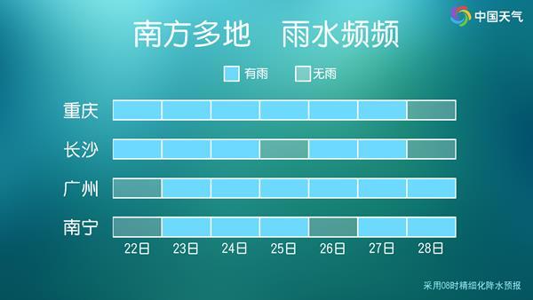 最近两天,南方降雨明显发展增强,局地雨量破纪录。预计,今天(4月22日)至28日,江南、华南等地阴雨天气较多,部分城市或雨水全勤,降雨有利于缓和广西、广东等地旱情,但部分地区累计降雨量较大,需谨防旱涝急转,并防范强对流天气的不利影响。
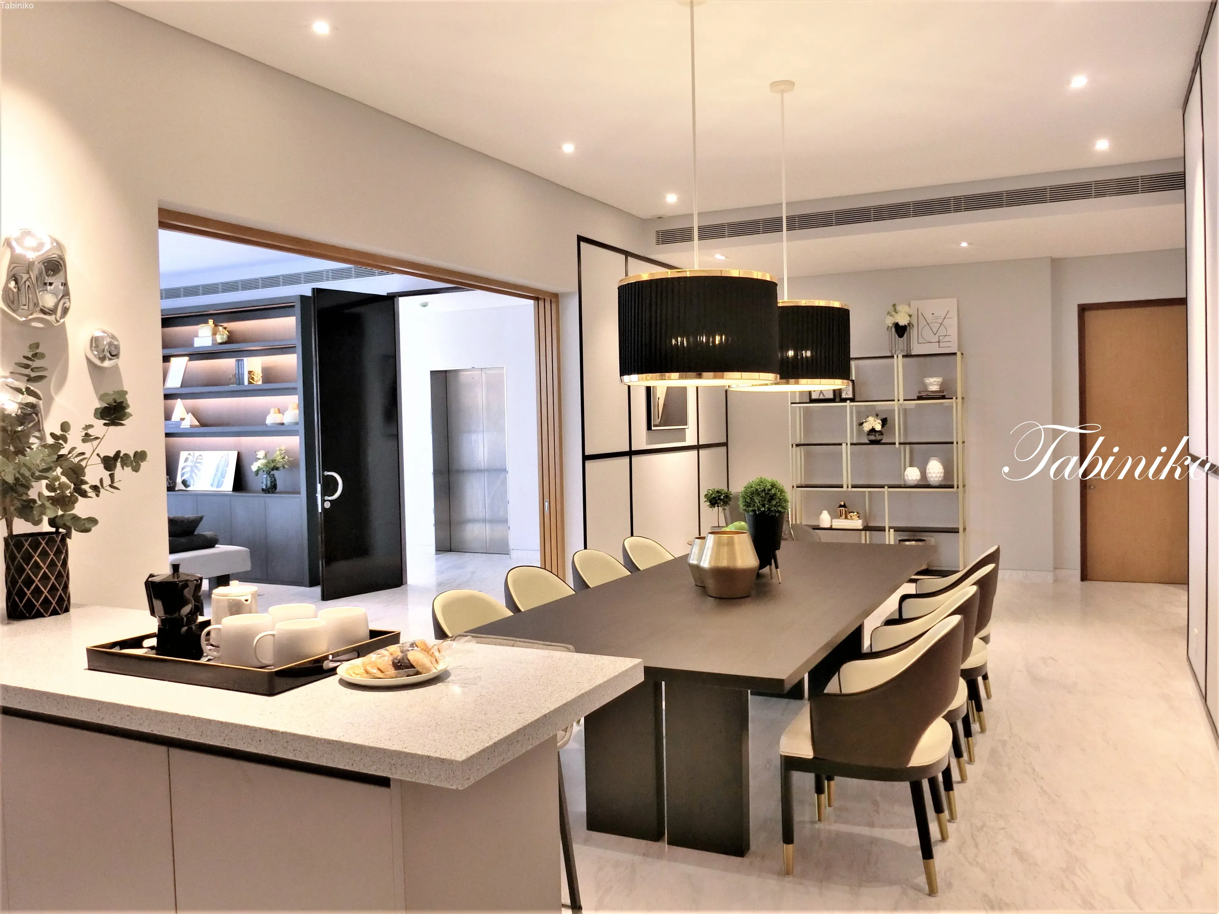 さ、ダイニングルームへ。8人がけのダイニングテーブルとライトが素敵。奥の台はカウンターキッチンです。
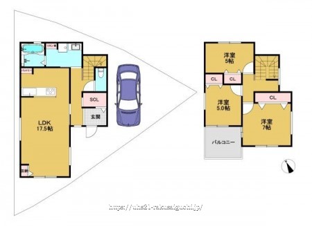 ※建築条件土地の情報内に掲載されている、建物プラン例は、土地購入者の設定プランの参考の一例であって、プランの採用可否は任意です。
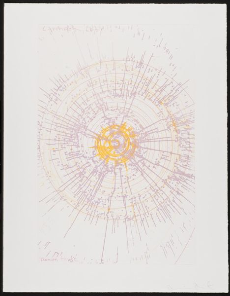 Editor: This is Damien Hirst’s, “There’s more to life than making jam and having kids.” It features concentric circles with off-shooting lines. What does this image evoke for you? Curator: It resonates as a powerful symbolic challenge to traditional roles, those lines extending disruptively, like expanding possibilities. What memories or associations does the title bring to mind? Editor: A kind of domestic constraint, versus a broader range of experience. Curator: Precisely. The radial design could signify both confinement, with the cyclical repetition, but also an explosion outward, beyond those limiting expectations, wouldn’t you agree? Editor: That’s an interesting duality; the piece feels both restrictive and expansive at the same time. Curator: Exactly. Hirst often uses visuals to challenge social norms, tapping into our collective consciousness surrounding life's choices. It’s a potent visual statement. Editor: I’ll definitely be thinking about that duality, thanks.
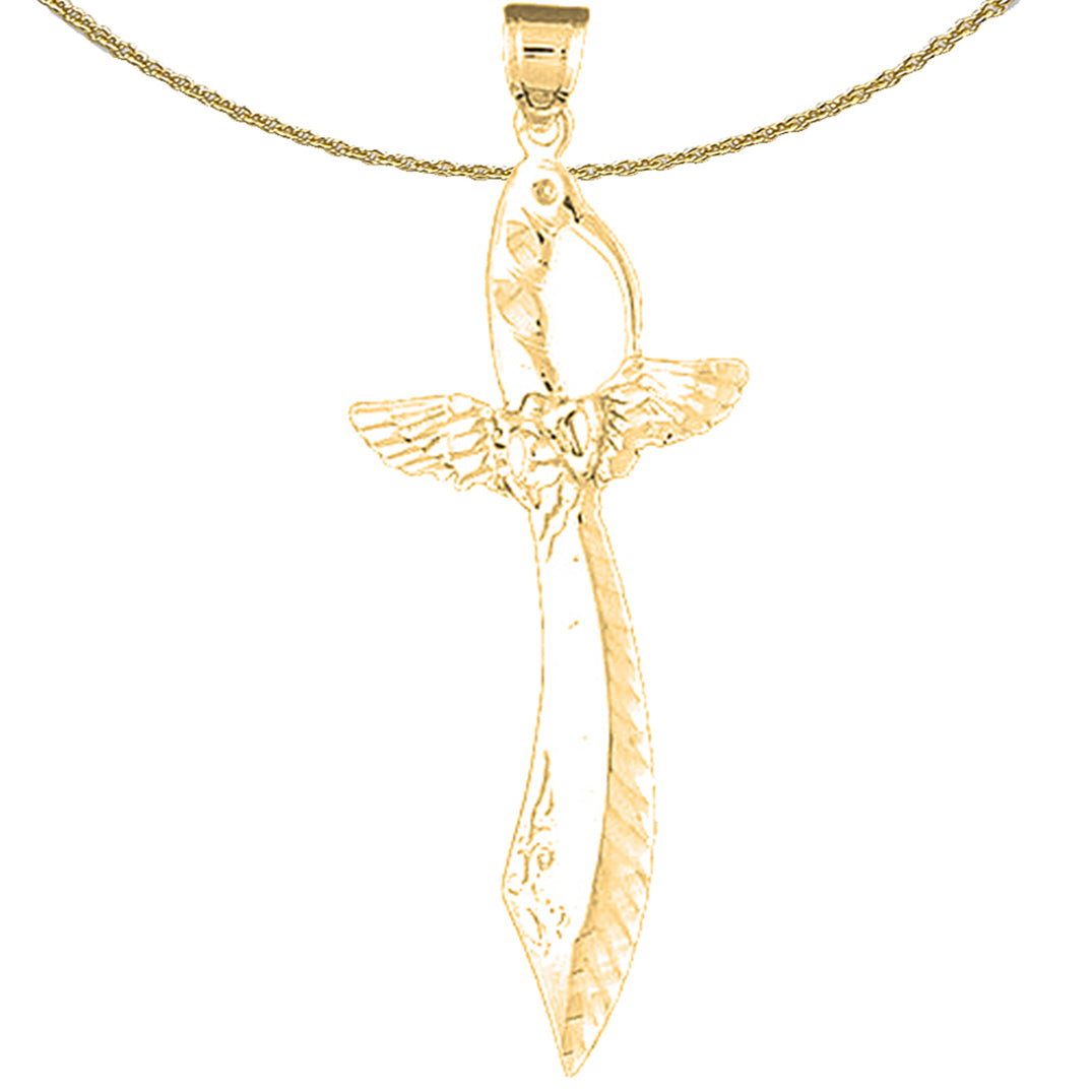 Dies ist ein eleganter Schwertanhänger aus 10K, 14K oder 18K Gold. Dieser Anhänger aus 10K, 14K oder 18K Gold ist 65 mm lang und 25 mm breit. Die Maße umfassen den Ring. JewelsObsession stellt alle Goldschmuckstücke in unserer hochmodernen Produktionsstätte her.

---

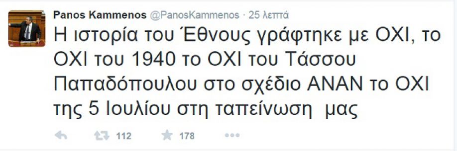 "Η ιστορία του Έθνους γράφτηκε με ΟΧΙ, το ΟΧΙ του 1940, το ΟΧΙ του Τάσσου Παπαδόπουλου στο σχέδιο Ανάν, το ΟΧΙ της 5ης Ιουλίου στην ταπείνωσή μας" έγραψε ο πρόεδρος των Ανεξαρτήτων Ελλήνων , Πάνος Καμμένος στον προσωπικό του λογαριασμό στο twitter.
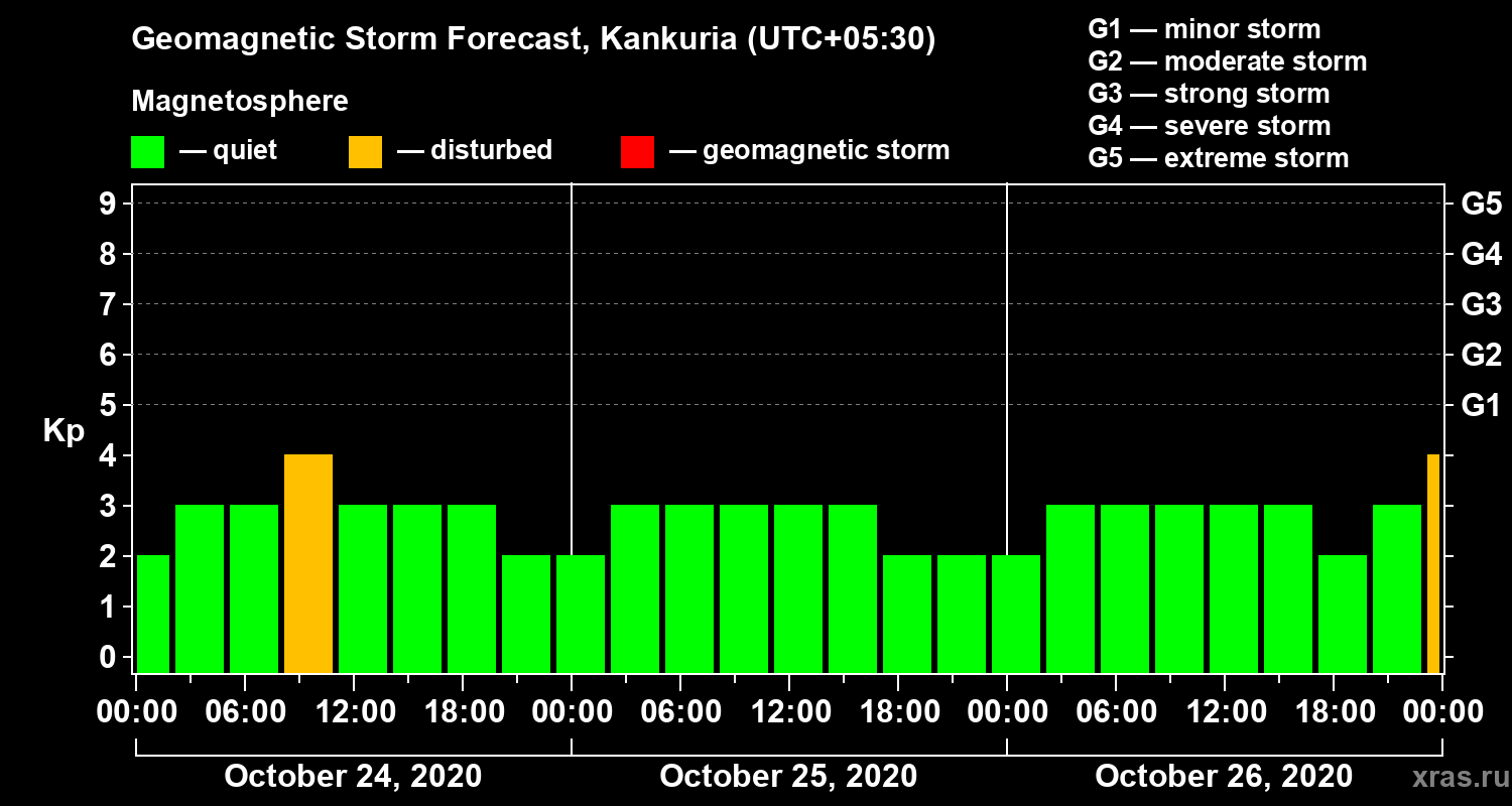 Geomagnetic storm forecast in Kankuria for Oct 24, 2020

→ Exercise directions
Since the pictures are not part of the copy, please transcribe only the lines above from the one with "最近两天,南方降雨明显发展增" through the one with "Dies ist ein", exactly and with both ends.

→ Task answer
 最近两天,南方降雨明显发展增强,局地雨量破纪录。预计,今天(4月22日)至28日,江南、华南等地阴雨天气较多,部分城市或雨水全勤,降雨有利于缓和广西、广东等地旱情,但部分地区累计降雨量较大,需谨防旱涝急转,并防范强对流天气的不利影响。
 さ、ダイニングルームへ。8人がけのダイニングテーブルとライトが素敵。奥の台はカウンターキッチンです。
 ※建築条件土地の情報内に掲載されている、建物プラン例は、土地購入者の設定プランの参考の一例であって、プランの採用可否は任意です。
 Editor: This is Damien Hirst’s, “There’s more to life than making jam and having kids.” It features concentric circles with off-shooting lines. What does this image evoke for you? Curator: It resonates as a powerful symbolic challenge to traditional roles, those lines extending disruptively, like expanding possibilities. What memories or associations does the title bring to mind? Editor: A kind of domestic constraint, versus a broader range of experience. Curator: Precisely. The radial design could signify both confinement, with the cyclical repetition, but also an explosion outward, beyond those limiting expectations, wouldn’t you agree? Editor: That’s an interesting duality; the piece feels both restrictive and expansive at the same time. Curator: Exactly. Hirst often uses visuals to challenge social norms, tapping into our collective consciousness surrounding life's choices. It’s a potent visual statement. Editor: I’ll definitely be thinking about that duality, thanks.
 Dies ist ein eleganter Schwertanhänger aus 10K, 14K oder 18K Gold. Dieser Anhänger aus 10K, 14K oder 18K Gold ist 65 mm lang und 25 mm breit. Die Maße umfassen den Ring. JewelsObsession stellt alle Goldschmuckstücke in unserer hochmodernen Produktionsstätte her.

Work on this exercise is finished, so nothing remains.